Il est l’un des auteurs le plus fréquemment étudiés dans les collèges, avec Vendredi ou la Vie Sauvage, adaptation faite pour la jeunesse de l’un de ses long-seller – terme qu’il préférait, et de loin, à celui de best-seller – Vendredi ou les Limbes du Pacifique.

C’est à l’âge de 91 ans, chez lui à Choisel, que Michel Tournier, l’un des plus grands auteurs français de la seconde moitié du XXe siècle s’en est allé.

C’est sur le tard qu’il entre en littérature. Après avoir échoué à l’agrégation de philosophie. Il a 42 ans quand il publie Vendredi ou les Limbes du Pacifique. Trois ans plus tard, Le Roi des Aulnes reçoit le Goncourt. 36 ans se seront écoulés entre son premier roman, et le dernier – Je m’avance masqué. Période pendant laquelle il livrera notamment une réécriture, destinée à sa chère jeunesse de son Vendredi: Vendredi ou la vie sauvage, dans lequel il glorifie la nature opposée à la culture. Pourtant, son œuvre est tenue. Neuf ouvrages pour celui qui avoue n’«écrire que lorsqu’il a quelque chose à dire». Pied de nez aux auteurs prolifiques qui parleraient plus que de raison… Michel Tournier est en effet connu pour son verbe, parfois acerbe, comme lorsqu’il évoque le sujet de l’avortement, osant la douloureuse comparaison entre les avorteurs et ce qui s’était passé à Auschwitz…
Mais son franc-parler, on le retrouve aussi dans son rapport à la littérature, lui qui ne tenait «pas plus que cela» à être publié en Pléiade, car les livres sont justes destinés à être regardés. Lui, ce qu’il aimait, c’était les livres de poche, qu’il trouvait formidables. Et accessibles à la jeunesse. «La Pléiade, on la lit moins qu’on ne la met dans sa bibliothèque pour la regarder. En revanche, la collection de poche Folio, c’est ça que j’aime. Moi, je veux être lu par le plus grand nombre. Et surtout par les jeunes! Je n’en démords pas: le lecteur idéal a 12 ans. C’est pour lui que j’ai récrit Vendredi ou les Limbes du Pacifique, devenu Vendredi ou la Vie sauvage, dont il se vend toujours des dizaines de milliers d’exemplaires chaque année. Mon modèle, c’est La Fontaine. Etre simple, accessible, imagé aura été mon unique vanité d’écrivain.»

Une oeuvre modeste et grande

Son œuvre, modeste et grande à la fois, est et demeure à son image, sous laquelle se cache une grande érudition à laquelle aimait se frotter François Mitterand, au sujet de l’œuvre de Zola.

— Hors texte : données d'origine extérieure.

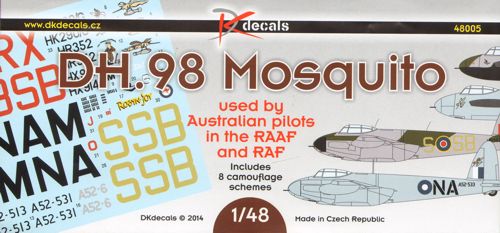 DK Decals - DKD48005 - 1:48 | Re-printed! de Havilland 98 Mosquito of Australian pilots in RAAF and RAF (8 camouflage schemes) 1/ Mosquito F.B. Mk.VI A52-533, No.1 Sq. RAAF, Borneo 1945 2/ Mosquito F.B. Mk.VI A52-513, No.1 Sq. RAAF, Borneo 1945 3/ Mosquito F.B. Mk.VI A52-531, No.1 Sq. RAAF, Borneo 1945 4/ Mosquito P.R. Mk. 40 A52-6, No.87 Sq. RAAF, Coomalee Creek 1944 5/ Mosquito PR Mk.XVI A52-619, No.87 Sq. RAAF, Australia 1945 6/ Mosquito F.B. Mk.VI HX914, No.464 Sq. RAF, December 1943 7/ Mosquito F.B. Mk.VI HR352, No.464 Sq. RAF, March 1945 8/ Mosquito Mk.XVII HK290/G, No.456 Sq. RAF, Ford, 1944 More | Aircraft decals (military) | Catalogue | £18.40 | ||

Il y revisite les mythes, à l’instar de l’histoire de Castor et Pollux dans Les Météores, ou la figure de l’ogre, celle de Barbe-Bleue, dans Gilles et Jane, ou, dans le couronné Rois des Aulnes, (lauréat du Prix Goncourt, décerné à l’unanimité en 1970, ndlr.) dans lequel la barbarie nazie prend le visage de l’inquiétant personnage des contes de fées. A la fois classique, donc, mais tellement moderne. S’il ne peut être décemment rattaché au courant du nouveau roman qui lui est contemporain, on retrouve chez lui cette volonté évidente d’alléger ses récits, de leur ôter ce côté trop pesant du personnage qui absorbe toute l’histoire. En découle une prose limpide et fluide, dans laquelle les images abondent. Cette prose qu’il n’a eu de cesse d’apposer dans ses cahiers à spirales, qui constituaient son «journal extime» pour éviter toute tentation d’entrer dans l’intime…
Michel Tournier aimait avant tout écrire, et non la société des lettres. Il s’est éteint à l’écart, dans un ancien presbytère de Choisnel dans lequel il se plaisait à vivre. Lui survivra son œuvre pour notre salut. Puisqu’à «A nos cœurs malades par le temps, l’œuvre d’art apporte un peu d’éternité.»